Delaware                            1-12571                 95-4467726
(State or other jurisdiction      (Commission             (IRS Employer
of incorporation)                 File Number)            Identification No.)

                   6929 Hayvenhurst Avenue, Van Nuys, CA      91406
               (Address of principal executive offices)     (Zip code)

                                 (818) 906-7777
              (Registrant's telephone number, including area code)

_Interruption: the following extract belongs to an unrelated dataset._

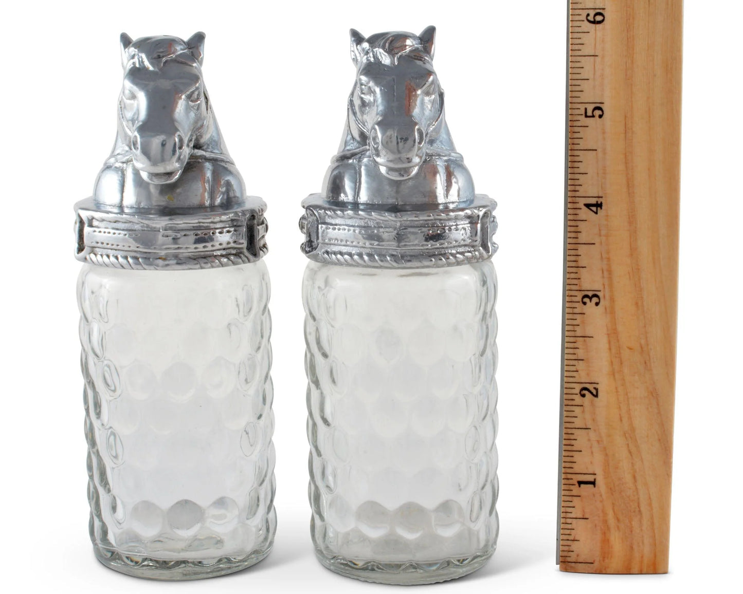 Apply a regal accent to your table with the help of Arthur Court's Salt and Pepper Set. Beautifully crafted stallions rest above the dispensers as defined bridles and manes add realistic detail. The handmade, aluminum statuettes shine brilliantly against the bumpy texture of the glass.

                                       N/A
          (Former name or former address, if changed since last report)
<PAGE>

Item 5. Other Events.

      On November 18, 1997, the Board of Directors of the Company declared the
payment of a dividend to its shareholders in the form of a warrant to purchase
Common Stock of the Company. Record owners of Common stock as of December 10,
1997, shall be entitled to one warrant for every two shares of Common Stock
held. No fractional warrants shall be issuable in connection with the payment of
the dividend.

      Each warrant will entitle the holder to purchase one share of Common Stock
at a price of $4.00 per share for a three year period, subject to adjustment in
certain circumstances. The warrants shall be redeemable by the Company, upon
notice of not less than 30 days, at a price of $.10 per warrant in the event the
closing bid quotation of the Common Stock on all 20 of the trading days ending
on the third day prior to the day on which the Company gives notice has been at
least $7.00 per share; provided however that no such right of redemption or
exercise shall exist prior to the time that such shares of Common Stock
underlying the warrants have been registered under the Securities Act of 1933,
as amended. The Company intends to make an application for warrants to be listed
and traded on the Nasdaq SmallCap Market.

      Ben Neman, Chairman, Chief Executive Officer and President has agreed to
waive his rights to receive dividends on the shares of Common Stock held by him.